Comet Garradd photographed this morning (Feb. 2) near the globular cluster M92 in Hercules. The dust tail points to the left (east) of the comet's bright center called the coma. The gas tail points to the upper right. Credit: Michael Jaeger

Binocular and telescope owners can watch a fine match-up of the sky’s current brightest comet – Comet C/2009 P1 Garradd – and the rich cluster M92 in Hercules tomorrow morning. The cluster belongs to an ancient group of spherical, star-packed clusters called globulars. Some 330,000 stars are jammed into a ball 109 light years in diameter 26,000 light years away. Despite that rather spectacular distance, it still shines brightly enough at magnitude 6.4 to be easily visible in a typical pair of binoculars from moderately light polluted skies. Look for a small fuzzy spot with a brighter center.

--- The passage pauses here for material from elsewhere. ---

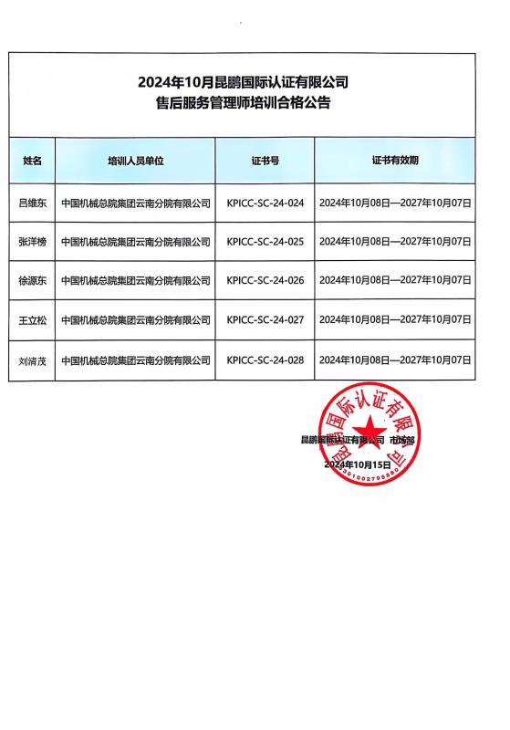 售后服务管理师培训合格公告—2024年10月

Comet Garradd will be another fuzzy patch only a half a degree to the right or west of M92, so both little glows will be close together in the same field of view in any pair of binoculars. As you’d expect, the comet is much closer to Earth at 142.8 million miles. The separation between them will increase in the coming mornings as Garradd tracks slowly northward through Hercules.

Garradd's two tails point away from each from a combination of the comet's location high above the plane of the planets and our perspective of it from Earth. Blue arrows show the direction the comet's moving along its orbit. Credit: NASA/JPL with my own additions

In the diagram above, you can see that the comet has a steeply inclined orbit that takes it well above the plane of the solar system where the planets orbit. That’s why we see it high in the northern sky this month far from the morning planets. Comets that pass relatively close to the sun typically develop two tails – one made of dust carried away by the pressure of sunlight along the comet’s orbit and an ion tail of gases that fluoresce when they’re excited by the ultraviolet energy in sunlight. The dust is released into space as the heat of the sun vaporizes cometary ices.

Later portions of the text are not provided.